*What is expected:* Only the lines below from the one containing "I am receiving" to the one containing "Promova os seus" should be repeated, both included and unchanged.

---------- Data supplied ----------

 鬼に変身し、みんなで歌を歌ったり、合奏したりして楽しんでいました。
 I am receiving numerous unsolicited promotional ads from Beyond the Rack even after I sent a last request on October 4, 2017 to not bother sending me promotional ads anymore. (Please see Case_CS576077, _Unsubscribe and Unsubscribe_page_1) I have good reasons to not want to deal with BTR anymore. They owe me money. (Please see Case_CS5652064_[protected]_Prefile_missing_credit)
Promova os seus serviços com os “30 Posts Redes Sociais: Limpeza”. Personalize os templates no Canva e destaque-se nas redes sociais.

----------
---------- Data supplied ----------

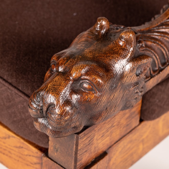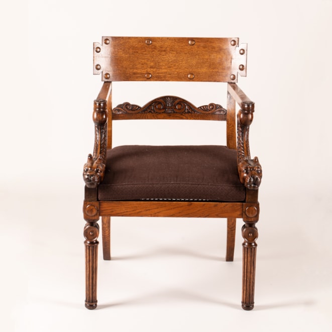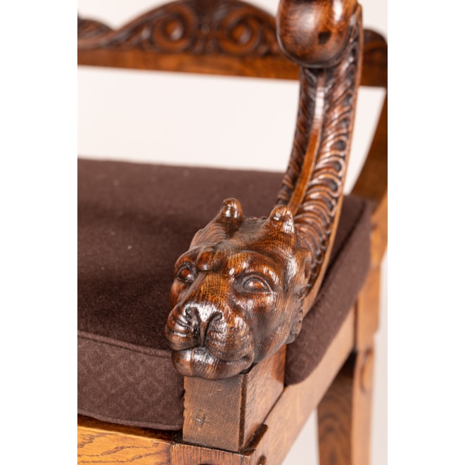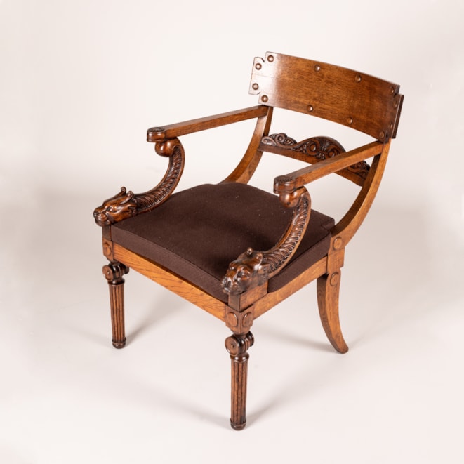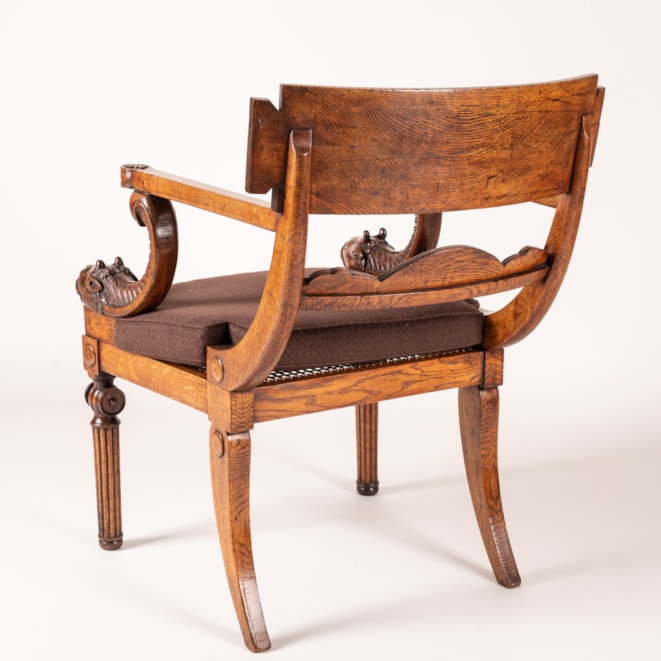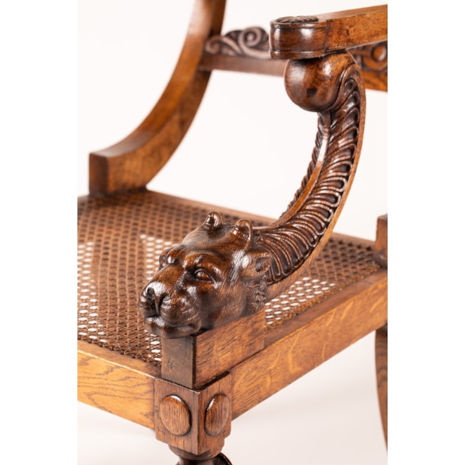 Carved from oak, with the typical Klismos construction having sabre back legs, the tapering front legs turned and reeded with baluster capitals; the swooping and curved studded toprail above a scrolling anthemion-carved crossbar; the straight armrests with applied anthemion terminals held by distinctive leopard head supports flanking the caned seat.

----------

*Completed exercise:*
 I am receiving numerous unsolicited promotional ads from Beyond the Rack even after I sent a last request on October 4, 2017 to not bother sending me promotional ads anymore. (Please see Case_CS576077, _Unsubscribe and Unsubscribe_page_1) I have good reasons to not want to deal with BTR anymore. They owe me money. (Please see Case_CS5652064_[protected]_Prefile_missing_credit)
Promova os seus serviços com os “30 Posts Redes Sociais: Limpeza”. Personalize os templates no Canva e destaque-se nas redes sociais.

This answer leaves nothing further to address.